### TRY IT
The answer should be the records below, word for word, with every image left out.

### RECORDS FOR PROCESSING

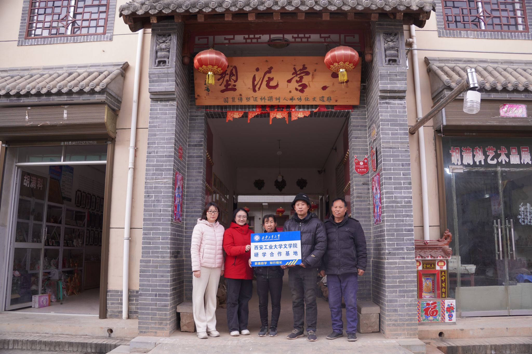 党委委员陈红副教授,新传系党支部书记于晗教授等师生代表一行,赴位于凤翔县的“中国泥塑文化园”开展实地调研,与凤翔泥塑非遗传承人胡满科、胡超进行深入交流,并举行“研学合作基地”授牌仪式。
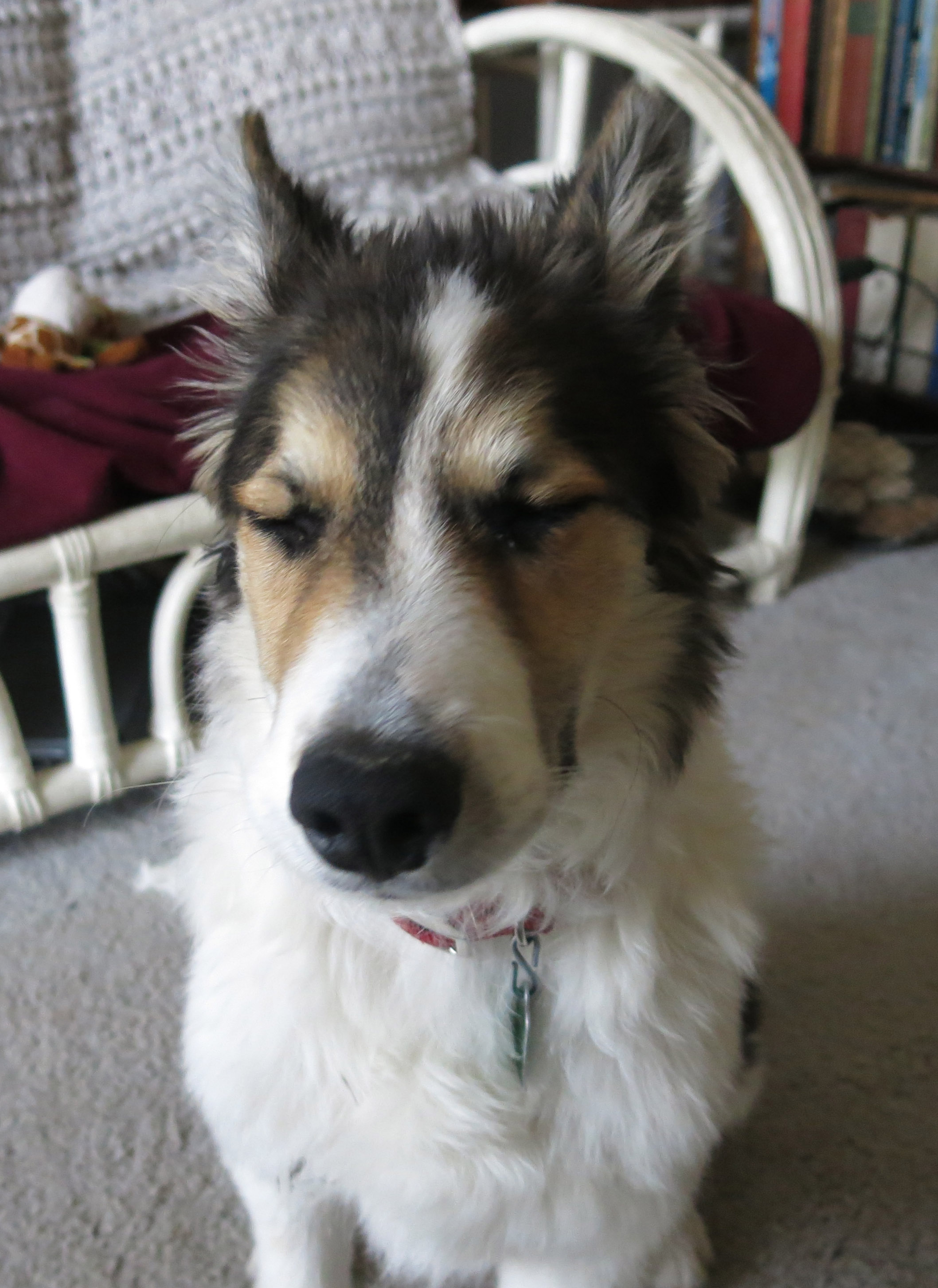 Here I am in a characteristic pose. I do know that my nose is slightly dirty. There’s a lot of dirt out in back, and I like to stick my nose in it.
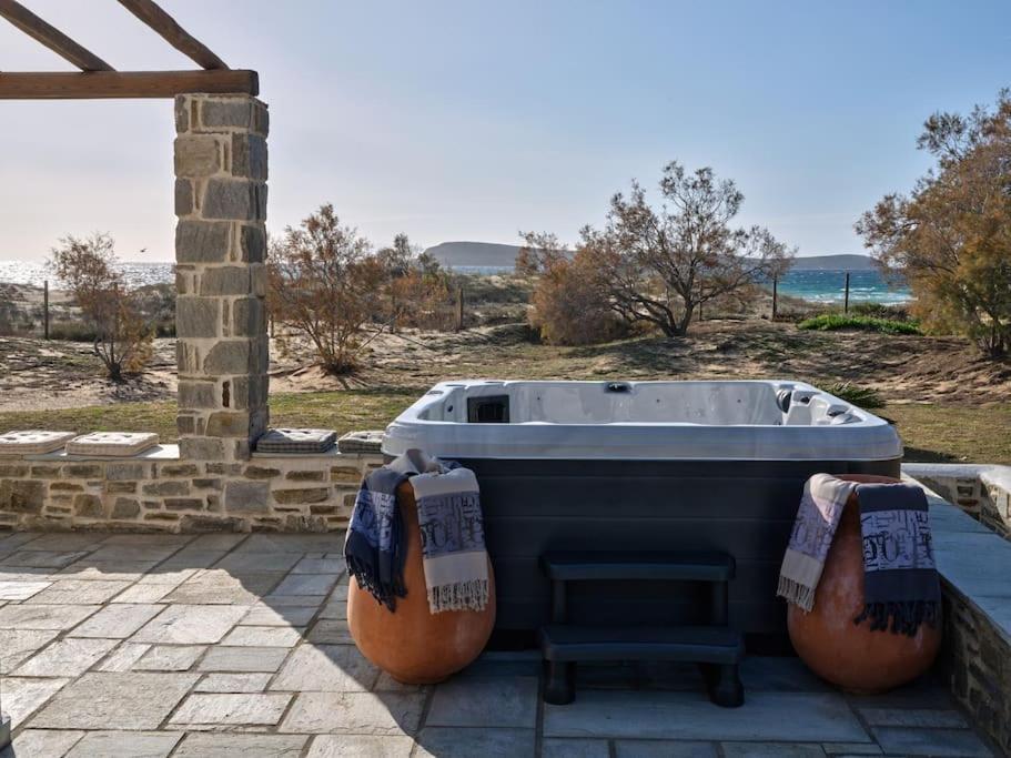 The Golden Beach Villa is 150m away for Chrissi Akti beach, one of the most remarkable beaches not only in Paros but in Greece. Once the site of the international windsurfing championship, it now provides water activities for people of all ages and skill levels, including windsurfing, sailing, sea kayaking, water tubes and bananas, water skiing, and, a short distance away, scuba diving. Other water sports available include yoga and massages. Numerous restaurants, mini-markets, and bars are all accessible by foot. It's simple to get to and from this amazing location. If you are looking for a private accommodation, the Golden Beach Villa in Chrissi Akti is the ideal option for an unforgettable holiday in Paros.
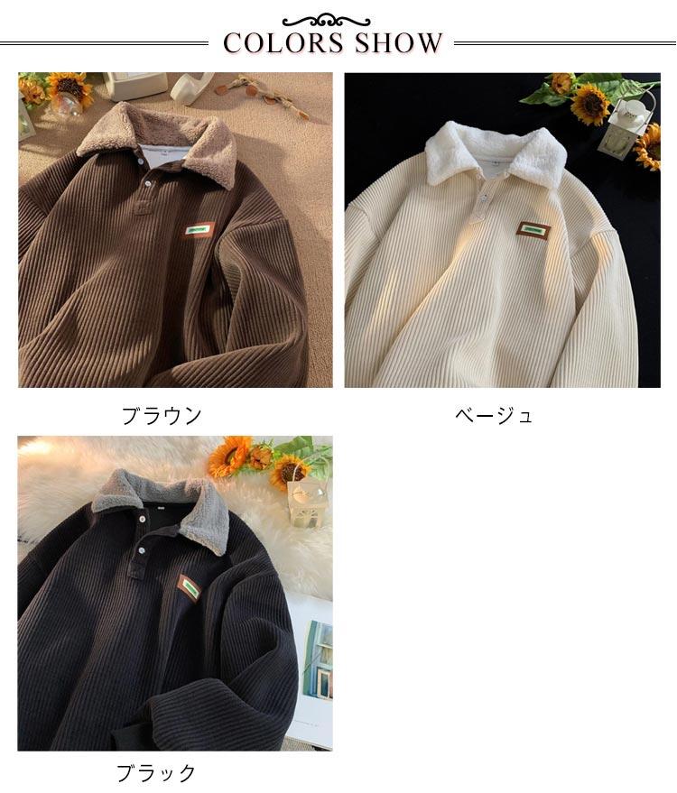 メンズ スウェット コーデュロイ 裏起 トップス スウェット トレーナー 新作 ベージュ ブラウン ブラック M L XL
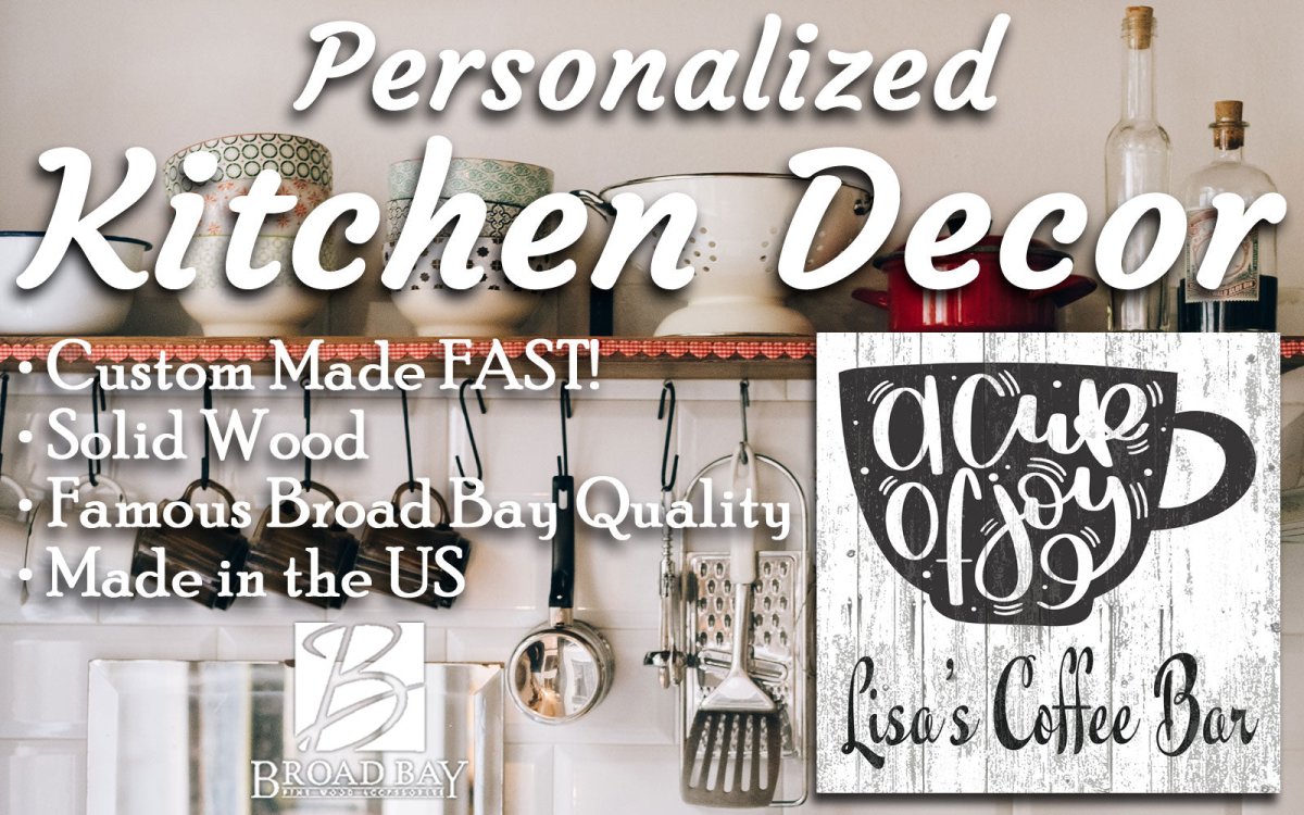 This unique, farmhouse-style customized coffee bar sign makes a great birthday, holiday, or anniversary gift. Perfect for kitchen, coffee bar, or home office decor. Broad Bay only uses solid wood for the highest quality home decor signs. Custom created daily in Virginia Beach, our signs feature our unique Fresco Print process that actually embeds your design into the surface of the solid wood coffee bar sign for a long lasting and vibrant appearance. Personalized fast, our customized coffee kitchen signs make the perfect gift for a man, woman, family or coffee loving couple!
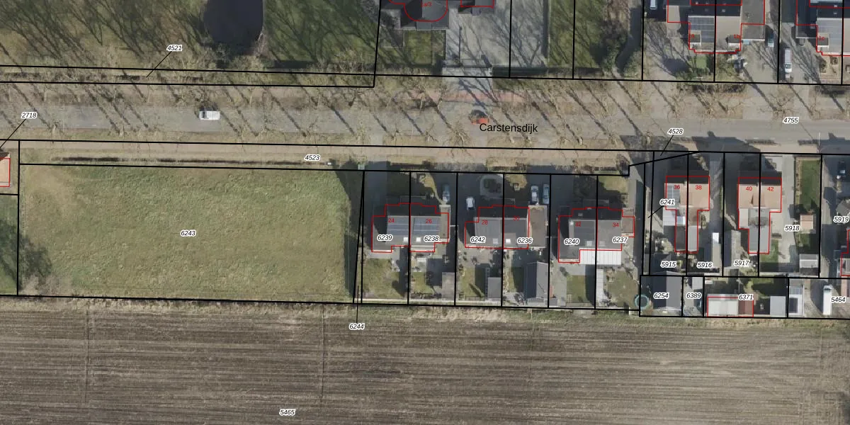 Carstensdijk 26 is gelegen op kadastraal perceel HGV00M6238. Deze kadastrale aanduiding is uniek en wordt gebruikt door het Kadaster om eigendomsrechten en andere zakelijke rechten vast te leggen. Het perceel maakt onderdeel uit van de kadastrale gemeente Hoogeveen.
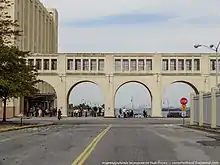 Arkham State Hospital is based on Arkham Asylum.[36] Warner Bros. Korea explained that it is a more realistic name in the real world.[111] The exterior of Arkham State hospital was filmed at Brooklyn Army Terminal,[112] while the interior was pictured in Metropolitan Hospital Center of Harlem.[113] Throughout the film, two walls are shown inside Arkham State Hospital; one is clearly white in the first and last scenes, the other is dirty yellow in the scene in which Arthur runs with a medical report. This difference was intended to make the audience confused and to question the possibility that Arthur had been in hospital the entire time.[36][111]
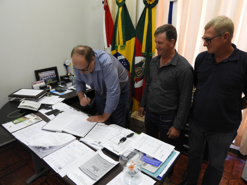 Na última sexta-feira, 05 de abril, o prefeito João Scheeren Haas passou ao cargo de Chefe do Executivo Municipal ao Presidente da Câmara de Vereadores Aristeu Machry, para participar da XXVII Marcha a Brasília em Defesa dos Municípios. Também acompanham o prefeito João Scheeren Haas em Brasília o vice prefeito Paulo Justen e o Secretário Municipal de Obras e Saneamento Moacir Issler.
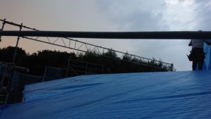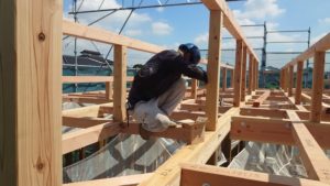 今日は、夕方雨になってしまいました。昨日は、雨が降らずに無事上棟することができました
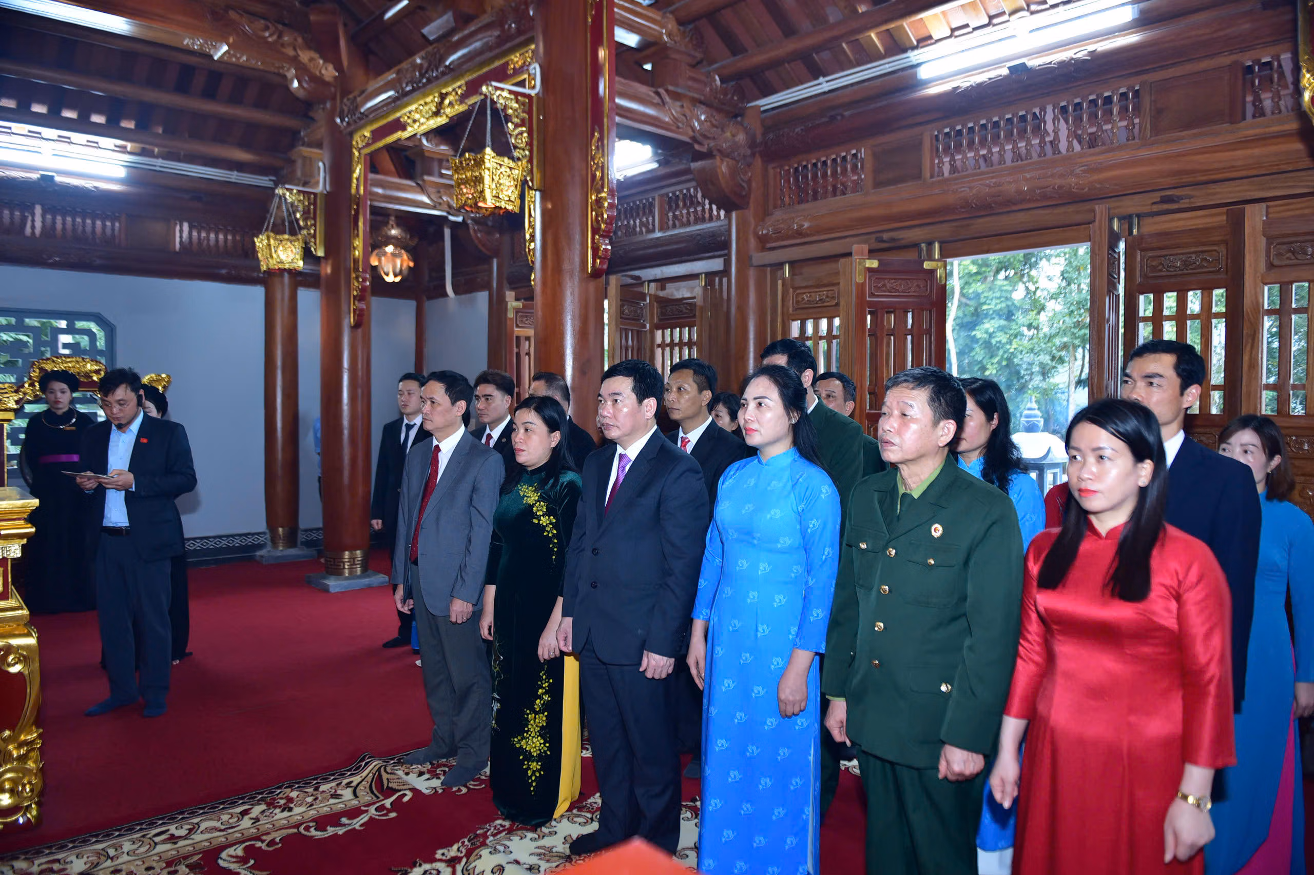Từ Quảng trường Nguyễn Tất Thành, Đoàn đại biểu tiếp tục hành trình về Khu di tích quốc gia đặc biệt Tân Trào - nơi ghi dấu những quyết sách trọng đại của cách mạng Việt Nam. Tại Đình Tân Trào, Lán Nà Nưa, Đền thờ Bác Hồ và Khu tưởng niệm các vị tiền bối cách mạng, từng nén hương được thắp lên với tất cả sự tri ân và niềm xúc động sâu sắc.
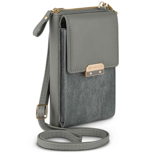 ONEFLOW Bliss plånbok för Apple iPhone 7/iPhone 8 mobilväska för upphängning, dam med plånbok, mobiltelefon, axelväska med plånbok och mobiltelefonfack, liten handväska, brungrå grå
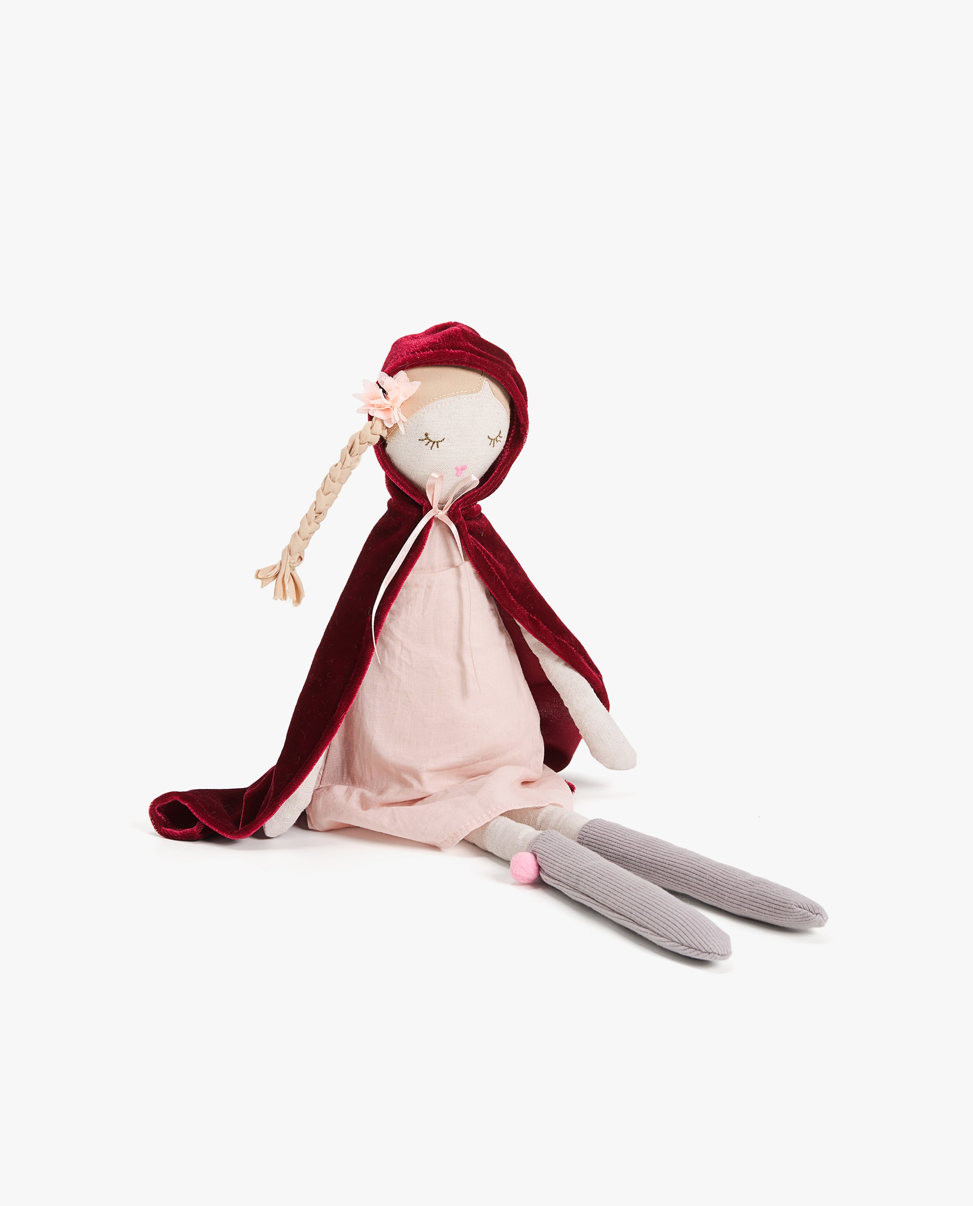 Przepiękna laleczka z materiału z plecionym warkoczem i czerwoną, aksamitną peleryną.

### RESULT BELOW
 党委委员陈红副教授,新传系党支部书记于晗教授等师生代表一行,赴位于凤翔县的“中国泥塑文化园”开展实地调研,与凤翔泥塑非遗传承人胡满科、胡超进行深入交流,并举行“研学合作基地”授牌仪式。
 Here I am in a characteristic pose. I do know that my nose is slightly dirty. There’s a lot of dirt out in back, and I like to stick my nose in it.
 The Golden Beach Villa is 150m away for Chrissi Akti beach, one of the most remarkable beaches not only in Paros but in Greece. Once the site of the international windsurfing championship, it now provides water activities for people of all ages and skill levels, including windsurfing, sailing, sea kayaking, water tubes and bananas, water skiing, and, a short distance away, scuba diving. Other water sports available include yoga and massages. Numerous restaurants, mini-markets, and bars are all accessible by foot. It's simple to get to and from this amazing location. If you are looking for a private accommodation, the Golden Beach Villa in Chrissi Akti is the ideal option for an unforgettable holiday in Paros.
 メンズ スウェット コーデュロイ 裏起 トップス スウェット トレーナー 新作 ベージュ ブラウン ブラック M L XL
 This unique, farmhouse-style customized coffee bar sign makes a great birthday, holiday, or anniversary gift. Perfect for kitchen, coffee bar, or home office decor. Broad Bay only uses solid wood for the highest quality home decor signs. Custom created daily in Virginia Beach, our signs feature our unique Fresco Print process that actually embeds your design into the surface of the solid wood coffee bar sign for a long lasting and vibrant appearance. Personalized fast, our customized coffee kitchen signs make the perfect gift for a man, woman, family or coffee loving couple!
 Carstensdijk 26 is gelegen op kadastraal perceel HGV00M6238. Deze kadastrale aanduiding is uniek en wordt gebruikt door het Kadaster om eigendomsrechten en andere zakelijke rechten vast te leggen. Het perceel maakt onderdeel uit van de kadastrale gemeente Hoogeveen.
 Arkham State Hospital is based on Arkham Asylum.[36] Warner Bros. Korea explained that it is a more realistic name in the real world.[111] The exterior of Arkham State hospital was filmed at Brooklyn Army Terminal,[112] while the interior was pictured in Metropolitan Hospital Center of Harlem.[113] Throughout the film, two walls are shown inside Arkham State Hospital; one is clearly white in the first and last scenes, the other is dirty yellow in the scene in which Arthur runs with a medical report. This difference was intended to make the audience confused and to question the possibility that Arthur had been in hospital the entire time.[36][111]
 Na última sexta-feira, 05 de abril, o prefeito João Scheeren Haas passou ao cargo de Chefe do Executivo Municipal ao Presidente da Câmara de Vereadores Aristeu Machry, para participar da XXVII Marcha a Brasília em Defesa dos Municípios. Também acompanham o prefeito João Scheeren Haas em Brasília o vice prefeito Paulo Justen e o Secretário Municipal de Obras e Saneamento Moacir Issler.
 今日は、夕方雨になってしまいました。昨日は、雨が降らずに無事上棟することができました
Từ Quảng trường Nguyễn Tất Thành, Đoàn đại biểu tiếp tục hành trình về Khu di tích quốc gia đặc biệt Tân Trào - nơi ghi dấu những quyết sách trọng đại của cách mạng Việt Nam. Tại Đình Tân Trào, Lán Nà Nưa, Đền thờ Bác Hồ và Khu tưởng niệm các vị tiền bối cách mạng, từng nén hương được thắp lên với tất cả sự tri ân và niềm xúc động sâu sắc.
 ONEFLOW Bliss plånbok för Apple iPhone 7/iPhone 8 mobilväska för upphängning, dam med plånbok, mobiltelefon, axelväska med plånbok och mobiltelefonfack, liten handväska, brungrå grå
 Przepiękna laleczka z materiału z plecionym warkoczem i czerwoną, aksamitną peleryną.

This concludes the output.